Analysts expected production cutbacks in top producer China, made as part of local governments' efforts to help Beijing meet energy saving targets by the year end to be reversed in early 2011.


Mr Angus MacMillan independent consultant said that the best we can hope for is that the Chinese market will be in rough balance next year but that means the rest of the world will be in surplus.


Another analyst said that while aluminium stocks in London Metal Exchange warehouses had been falling throughout much of this year, they showed no signs of a downtrend strong enough to trigger a turnaround in sentiment.


Below are some of the more significant recent developments in production stocks and prices that may continue to influence the direction of the market in the remainder of 2010 and into 2011.


Production:


1. November 29 - Rio Tinto Alcan plans to spend USD 3.5 billion to build an aluminium plant in Paraguay that will produce an estimated 670,000 tonnes per year raising the company's initial projections. The unit of global Rio Tinto initially announced USD 2.5 billion investment in December 2009 that would have produced some 480,000 tonnes of aluminum a year. Construction of the plant is set to start in 2014 and be completed within two and a half years.


2. November 24 - Ghana plans to restart its Valco aluminium smelter next year as a prelude to building an integrated aluminium industry as world metal prices and its own energy resources improve. The 200,000 tonne per year smelter with 6 potlines has been shut since March 2007, largely due to weak metal prices and power shortages caused by low water levels in the vast Volta hydropower dam.


3. November 24 - Independent US aluminium producer Ormet said that it plans to restart the two idled potlines at its Hannibal, Ohio smelter. The restart preparations were due to start immediately with the process expected to be completed in the Q1 of 2011 returning the plant to full production capacity.
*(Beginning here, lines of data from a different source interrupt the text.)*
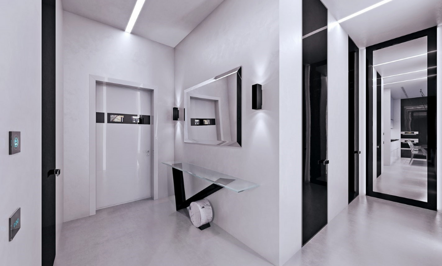 К проходным помещениям в интерьере обычно относятся без инициативы. Обычно уделяется много внимания кухне, спальне или гостиной, но не прихожей. Хорошее расположение должно учитывать дизайн интерьера каждой комнаты. Универсальным решением для современных коридоров станет устройство минималистской планировки на основе белого. Такой цвет станет хорошим решением для любого интерьера. Вы можете легко подобрать необходимое оборудование, сиденья или украшения. Любой цветовой акцент на фоне белого выглядит величественно, однако преувеличивать количество цветов не стоит. Белая прихожая также будет работать в узкой комнате, с которой часто сталкиваетесь в небольших квартирах.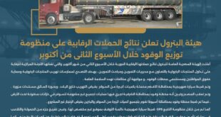 ه أعلنت الهيئة المصرية العامة للبترول نتائج حملاتها الرقابية الدورية خلال الأسبوع الثاني من شهر أكتوبر، والتي نفذتها اللجنة المركزية للرقابة على تداول المنتجات البترولية بالتعاون مع مديريات التموين ومباحث التموين ، بهدف التصدي لممارسات تهريب المنتجات البترولية وحماية حقوق المواطنين ومستخدمي محطات الوقود ، و مواجهة أي مخالفات تهدد السلامة العامة . وتم ضبط سيارة صهريجية بمحافظة الأقصر …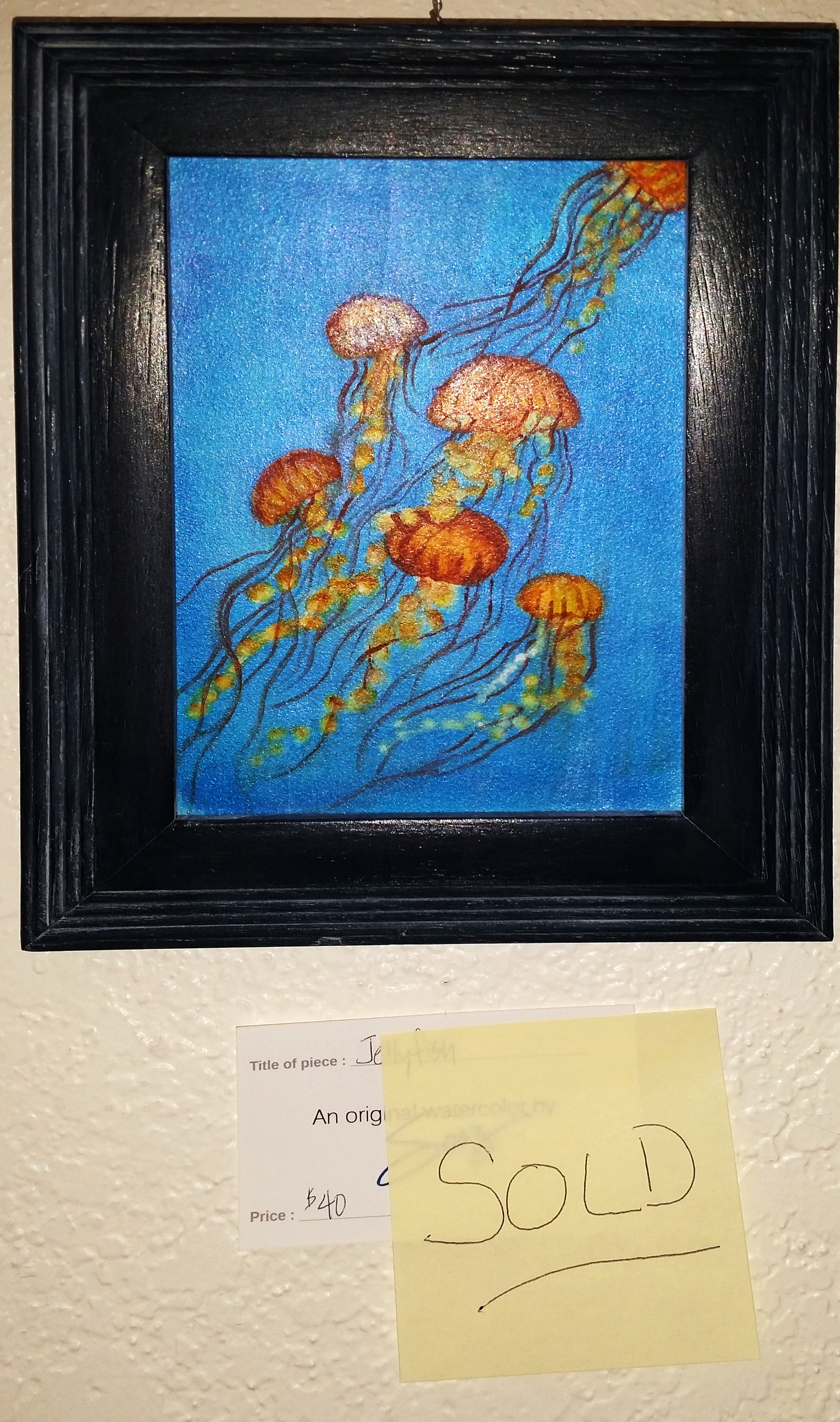It was the 5×7 of jellyfish, painted on Aquabord, that sold. I had a price of $40 on it, so I didn’t make a lot, but it was a piece that took me less than an hour to do.
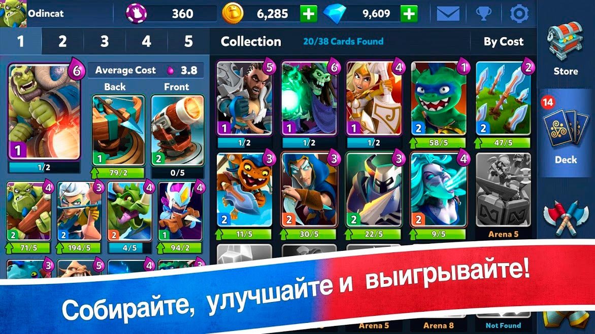 Сразу четыре главных героя будет доступно на выбор участвующему здесь игроку. Можно будет сыграть за абсолютно любого и достигнуть лучших результатов. Соберите себе колоду из максимум двенадцати лучших карт и выпускайте их на поединки. Они смогут защищать ваши башни и приводить в действие самые эффективные комбинации. На данный момент в Castle Creeps Battle собрано около десятка разных боевых арен и на каждой станет реально сражаться против лучших игроков по всему миру. Можете даже создать свой собственный клан и после этого принимать участие клановых войнах самого напряженного характера.
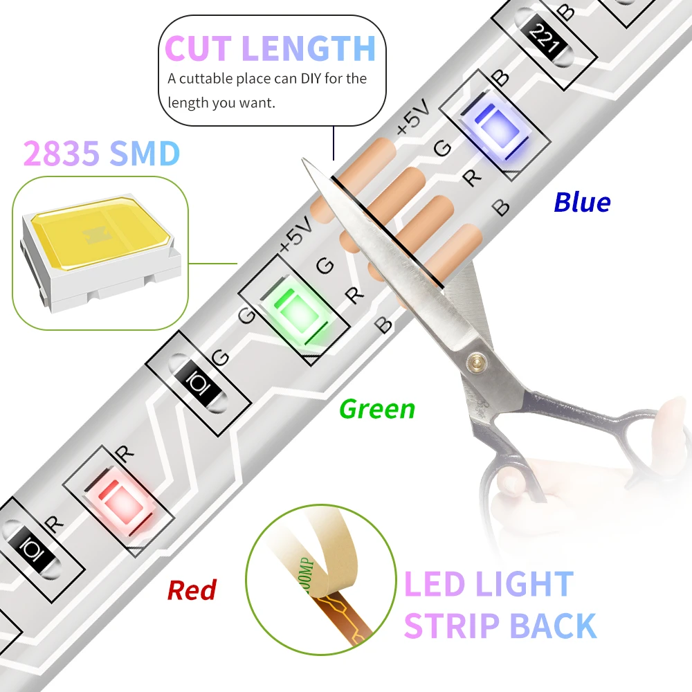 USB-лента для подсветильник Ки, 5 В, RGB 2835 SMD, 0,5, 1, 2, 3, 4, 5 м

4. November 22 - Daily average primary aluminium output rose to 67,300 tonnes in October from 66,700 tonnes in September, provisional figures from the International Aluminium Institute showed. Daily average of primary aluminium output in China rose to 41,600 tonnes in October from 43,600 tonnes in September.
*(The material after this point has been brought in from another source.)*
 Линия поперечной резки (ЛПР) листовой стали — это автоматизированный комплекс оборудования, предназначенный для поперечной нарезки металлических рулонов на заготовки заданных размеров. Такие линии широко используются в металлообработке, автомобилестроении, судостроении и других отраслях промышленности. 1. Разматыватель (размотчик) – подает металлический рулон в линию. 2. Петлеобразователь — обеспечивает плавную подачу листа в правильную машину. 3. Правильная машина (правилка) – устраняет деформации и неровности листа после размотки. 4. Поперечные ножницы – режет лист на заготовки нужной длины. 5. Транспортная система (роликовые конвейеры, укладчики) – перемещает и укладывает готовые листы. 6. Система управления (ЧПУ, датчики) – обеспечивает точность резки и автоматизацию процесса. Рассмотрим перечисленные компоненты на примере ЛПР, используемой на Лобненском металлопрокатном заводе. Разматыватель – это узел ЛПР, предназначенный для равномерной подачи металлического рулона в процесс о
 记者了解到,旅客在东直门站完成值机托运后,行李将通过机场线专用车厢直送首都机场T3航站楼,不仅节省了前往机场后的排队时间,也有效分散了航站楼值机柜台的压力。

5. November 11 - According to the National Bureau of Statistics, China produced 13,189,000 tonnes of primary aluminium in the first 10 months of the year up 27.6% from the same period last year. Output of alumina rose by 28.1 percent over the same period to reach 24,162,000 tonnes.


6. November 11 - An Alcoa executive said that China will likely curtail another 600,000 tonnes of aluminum smelter production before the end of 2010 to meet energy efficiency targets but whether they restart that shuttered production in 2011 remains to be seen. Alcoa estimated about 700,000 tonnes of capacity had already been shut.


7. November 10 - Alcoa expects its Sao Luis alumina refinery in Brazil to reach full capacity by the end of the year. In September, the company said that the plant had been affected by power and commissioning problems.


8. November 10 - Rio Tinto Alcan will invest USD 10 million in the expansion of the bauxite residue containment site at its Vaudreuil alumina refinery in Quebec of Canada.


9. November 9 - Abu Dhabi based Emirates Aluminium expects to complete a capacity expansion plan that will help its current output triple to 700,000 tonnes by the end of this year. The company produces more than 200,000 tonnes from its phase one Greenfield smelter. An expansion to 1.4 million tonne per year is expected to be completed in 2013 to 2014.


Prices;


Aluminium prices ended November at USD 2,275 per tonne down from USD 2,344 the previous month. On November 11, the market reached its highest since August 2008 dragged higher under the influence of LME benchmark copper and boosted by strong Chinese economic data. But the market fell later on worries top metals user China planned further steps to cool its overheated economy.


By November 17, three months had fallen to USD 2,185 and the ensuing recovery was fairly muted. The fact that copper reached new record highs lent support to prices in early December though, as did a strike at one of BHP Billiton's South African aluminium smelters.